The poor little hat fell off the tractor into the windrow of barley hay on that crisp summer morning, and was baled up that night into a big round bale weighing around 1,000 pounds. Then the lonely, neglected hat waited until wintertime when our cows were fed this particular bale of barley hay that housed the little hat (who had been wondering all the time if he would be sold to someone else, or get to stay on the farm). The cows, of course, did not find this bit of fleece very delectable, and let it fall to the bottom of the feeder, or tossed it out into the muck. The feeder was dumped out and moved when the muck got too deep around it.

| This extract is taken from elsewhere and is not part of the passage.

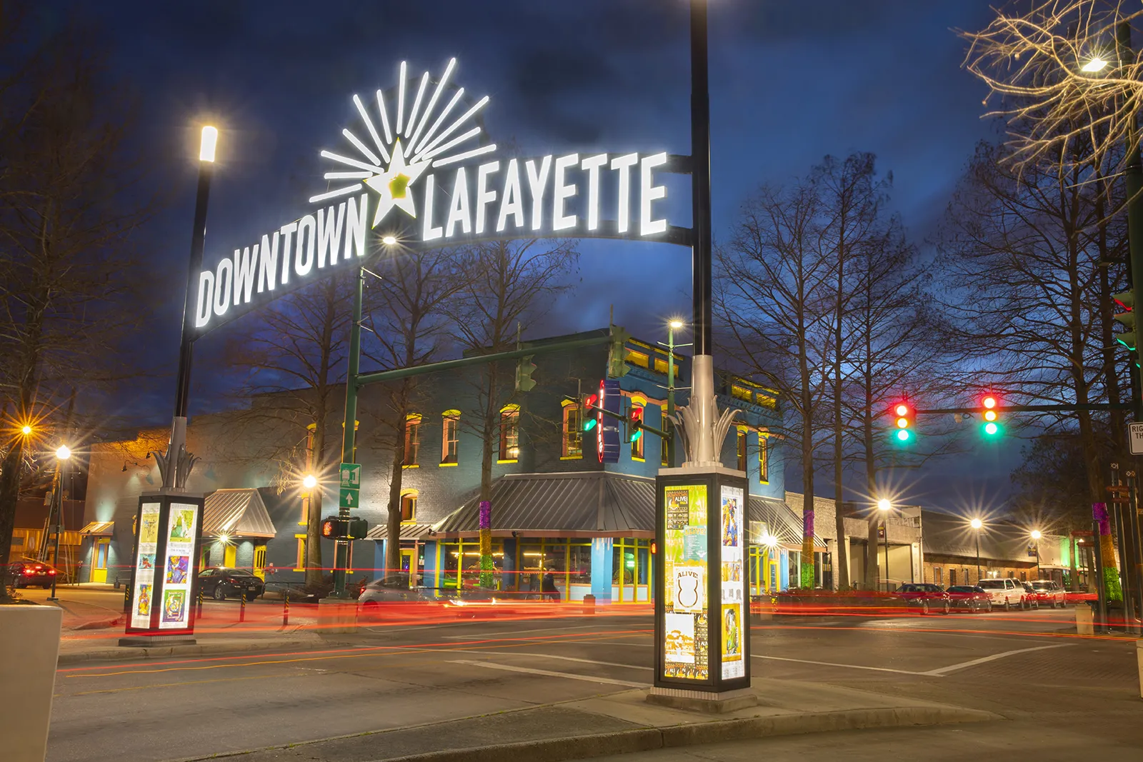Evening photo of the cities gateway to Cajun Country, great food, music and people.

Maybe the feeder had been placed in the part of the field that was fenced in to become garden this year. Maybe the little hat found its way into the smelly manure (pardon me, fertilizer) pile which was then used in the garden. Maybe one of the cows found the hat and wore it proudly this winter, but then lost it while hiding it from Mason when he came out to feed them.

However it actually got into the garden, Merritt ran the tractor and disc over it numerous times before the little hat unearthed itself in the last discing on Saturday. If it hadn’t shown up then, we might have found it while planting corn. Or it might have waited to show itself when we cleaned up the garden in the fall. Apparently fleece doesn’t decompose very well.

Maybe we should have re-staged the discovery for an advertisement movie we could have sold to Lowe Alpine. Maybe I should send in the story and ask for a free hat. Or maybe I’ll just make sure my hubby wears it when he goes out irrigating in the cold. But no more losing hats while raking–they’ll be using the new tractor for raking this year, and it has an enclosed cab (and a heater)!

(I can’t find a picture of either of us wearing the amazing, self-resurrecting fleece stocking cap. But I’ll try to add a picture to this post of a favorite picture of Merritt and me from our courtship days, where he’s wearing his signature red hat which nothing can replace.)